Setelah pamitan Zahra turun dari mobil, dia berdiri di tempat sampai mobil Leon tidak terlihat lagi. Baru di beranjak masuk ke rumah Kanaya.
Di rumah Kanaya, orang tampak ramai. Baik dari tim MUA yang melakukan tugas nya untuk mendokarasi kediaman Kanaya. Sampai para tetangga pun ikut andil untuk membantu mempersiapkan acara untuk besok.
Zahra terus berjalan melewati beberapa manusia yang sibuk dengan pekerjaannya masing-masing. Membuat ia teringat saat waktu nikah dulu, boro-boro ada kegiatan seperti ini. Dirinya kan langsung di bawa ke tempat masjid, dimana ijab qabul akan dilangsungkan serta unsur pemaksaan yang begitu dominan yang ia dapat. Meskipun begitu, Alhamdulillah keuarganya rukun semua.
Karena pintu rumahnya yang terbuka lebar-lebar, jadi dia langsung masuk saja.

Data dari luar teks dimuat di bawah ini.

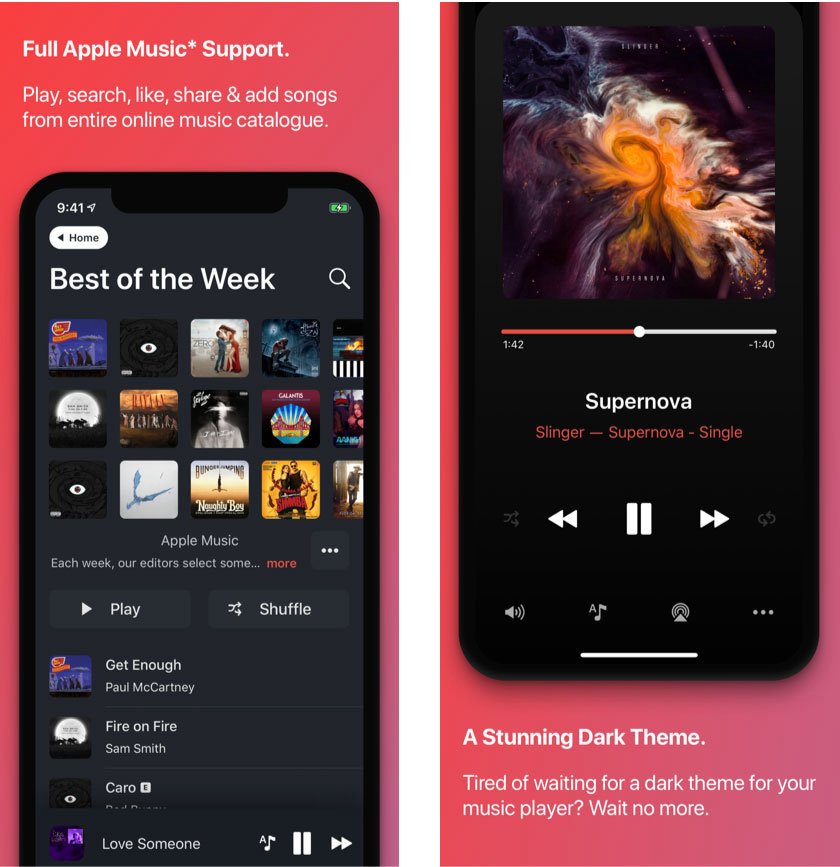 Play, search, like, share and add songs from across the entire Apple Music catalogue.

"Assalamualaikum Warahmatullahi Wabarkatuh..." salam Zahra kepada penghuni rumah ini.
"Waalaikumsalam Warahmatullahi Wabarkatuh..." jawab merek kompak, terlebih lagi jawaban salam bestie nya yang sangat semangat menyambut kedatangan Zahra.
"Ini dia nih nyonya Adipati! Baru nongol lu bestie." celetuk Alina di tengah keheningan omongan mereka saat selesai menjawab salam Zahra.

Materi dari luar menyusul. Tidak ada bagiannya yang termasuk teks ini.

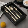 Cuchillo para bistec de acero inoxidable 304, cubiertos occidentales, cuchillo, tenedor y cuchara, cubiertos Crescent de color dorado champán brillante, juego de cuatro piezas de cuchara y tenedor de acero inoxidable

Zahra yang merasa namanya di panggil, hanya tersenyum pepsodent. Memperlihatkan deretan giginya yang rapi.
"Yaiyalah baru nongol, aku kesini juga itu ya harus dapet izin si Tuan lah. Masa iya main gas aja kesini, kan enggak mungkin. Aku kan di anterin suami juga ke sini. Makanya lumayan telat, maaf ya bestie!" seru Zahra kepada sahabatnya itu.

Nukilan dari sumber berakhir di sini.